CODEWITHSUNDEEP
rchron
Chris
Chris

Reputation: 409

standard deviation of time in a column in hr:min:sec format

In the question "average time in a column in hr:min:sec format" the following example is given:

Col_Time = c('03:08:20','03:11:30','03:22:18','03:27:39')
library(chron)
mean(times(Col_Time))
[1] 03:17:27

How can I get hr:min:sec as result for the standard deviation?

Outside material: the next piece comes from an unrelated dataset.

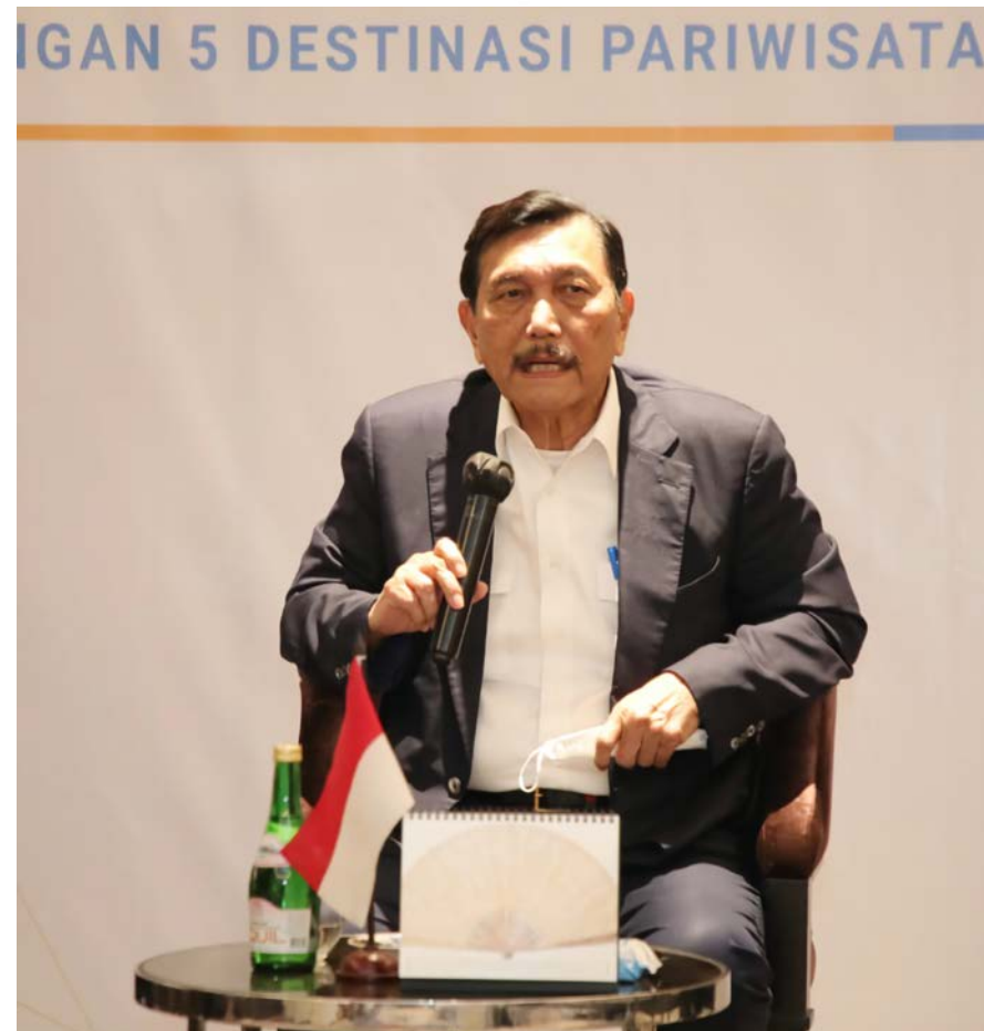
Menteri Koordinator Bidang Maritim dan Investasi Luhut Binsar Pandjaitan

"Jangan membohongi rakyatnya. Saya enggak suka melihat itu. Jadi untuk dia populer, dia bikin berita-berita bombastis yang membohongi rakyat. Itu saya pikir tidak adil dan tidak benar,"

If I use the R function sd, the result looks like that:

sd(times(Col_Time))
[1] 0.006289466

Upvotes: 4

Views: 1245

Answers (2)

alistaire
alistaire

Reputation: 43354

sd is operating on the number internally representing the time (days for chron::times, seconds for hms and POSIXct, settable for difftime), which is fine. The only problem is that it is dropping the class from the result so it isn't printed nicely. The solution, then, is just to convert back to the time class afterwards:

x <- c('03:08:20','03:11:30','03:22:18','03:27:39')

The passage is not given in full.